Society has always been there, telling us how to look and act. But at some point, society made a mistake. Society went down a path that it cannot easily turn around on. I believe that society has a way of influencing kids by the media. They convince children, not always knowingly, that they must act and dress much older than they are. I must admit, I went down that path with society as well. But as I went down that path, I never realized that someone would follow my example. I never thought someone would want to be “just like me”.

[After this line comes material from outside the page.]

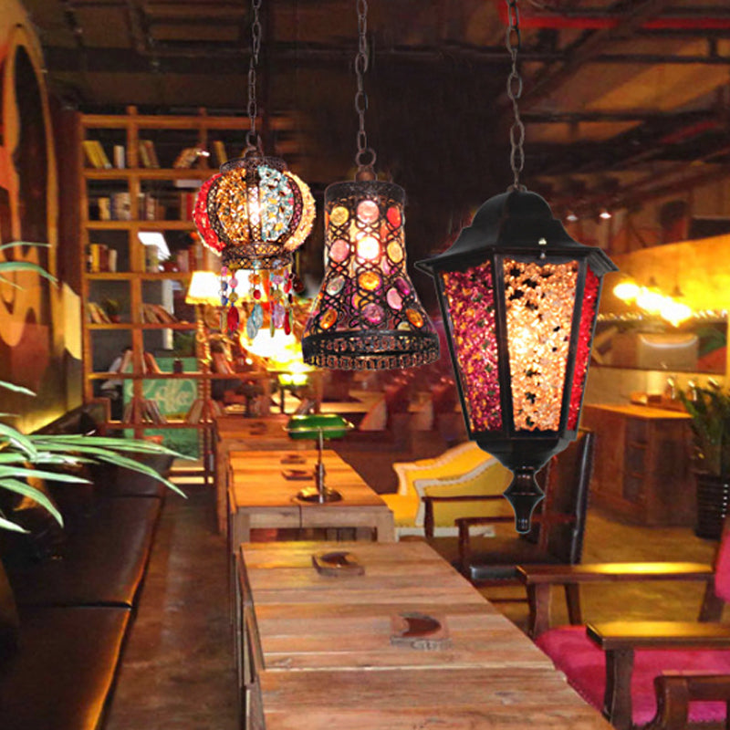 Modern Black Turkish Stained Glass Hanging Light for Dining Room - Flared/Lantern/Tapered Style - 1-Light Pendulum Design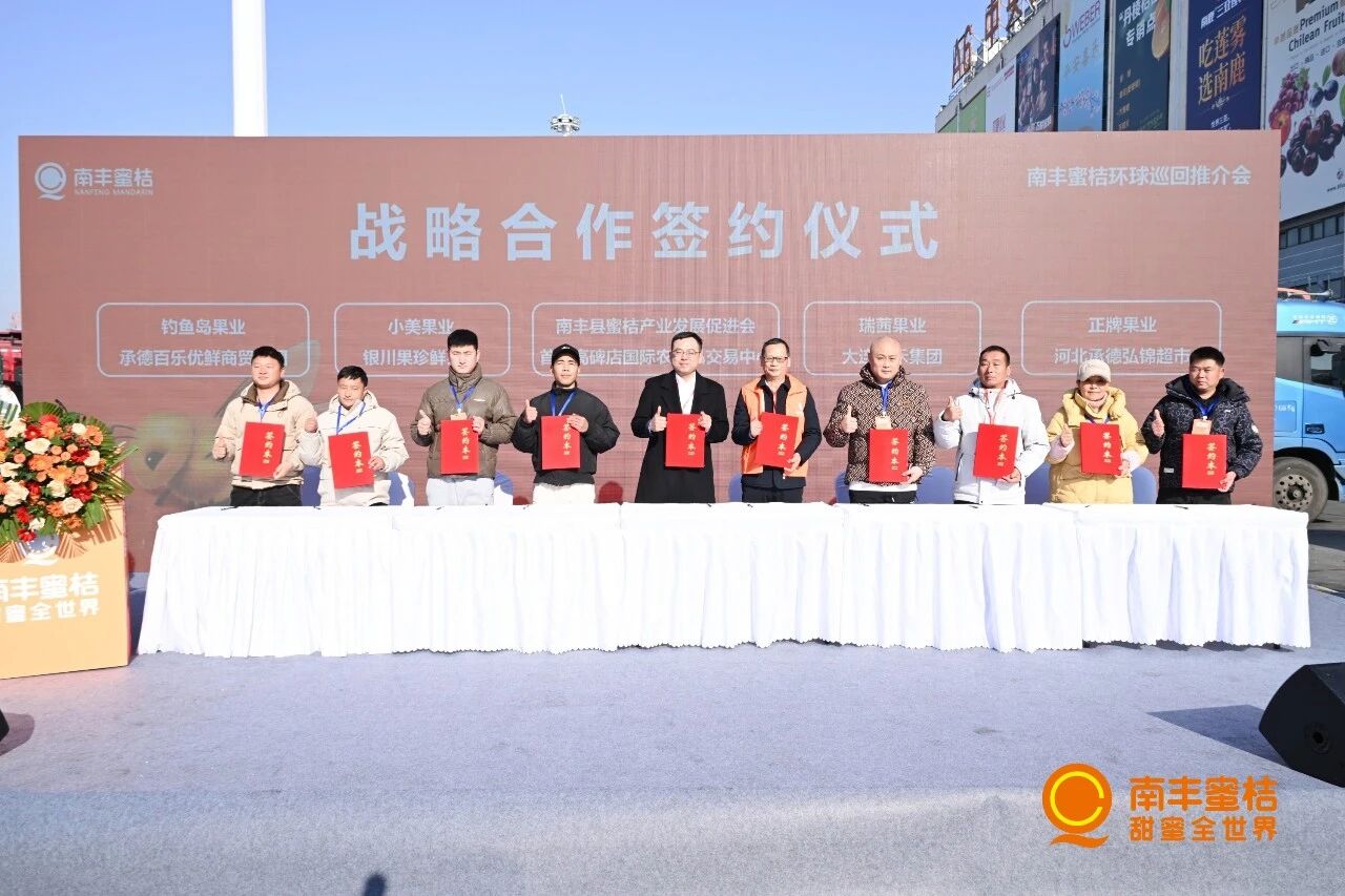 在隨后舉行的戰略合作簽約儀式中,首衡市場與南豐縣蜜桔產業發展促進會簽署了戰略合作協議。同時,四家市場商戶也與南豐企業現場達成簽約,進一步拓寬了南豐蜜桔在華北的落地渠道。

I am new at being a sister and I’m not great at it. What I never noticed was how much my little sisters act and dress how I do. I came home one day to find my nine-year-old sister dressed like a prostitute. When I confronted her about it, she simply said, “I want to be like Paris.” I was shocked that she would say that, but as I looked around our room I became less surprised. Posters of a fourteen-year-old Miley Cyrus in 4-inch red pumps and Bratz dolls wearing barely anything, dominated the room. Her radio was blasting “Sexy Can I” and her seventeen-year-old aunt, who is a mother of two, was lying on the bed, not even shocked by the atmosphere my sister was in. I almost lost it. I told my nine-year-old sister that dressing older than she actually was was a bad thing; that acting in that way implied more than she understood and I wouldn’t let her do it. She said I dress older for my age too, I said that was different, and we both realized that it wasn’t.
Society influences me just as it influences her, but I know the consequences of dressing or acting in a way that makes me seem older. I don’t want to be the one to tell her to stop pretending to be Paris because Paris made sex tapes. I don’t want to let her know that Hannah Montana is dating a twenty year old underwear model. Maybe it’s not my place. I grew up with the same ignorance as her, letting society influence me as it wished, but I believe that I was stronger, more resilient, because of the adults that surrounded me. The adults that surround her, however, are teenagers and early twenty-year-olds molding this girl into what society had molded them into. It’s no longer strange to be a teen mother or a size zero. It’s on the cover of magazines, all over television, and out on the streets. People seem surprised by the little girls mimicking these things. They shouldn’t be though; they are the ones that end up putting influential things out for their children to see. People should be able to realize what’s going in to their children’s’ heads before they become shocked at how they’re acting. I’m not shocked. I’ve realized that it’s all so inevitable since we’re already so far down that path we started on. Like I said before, we can’t easily turn around. The consequences of our actions will be severe this time, but utterly deserved.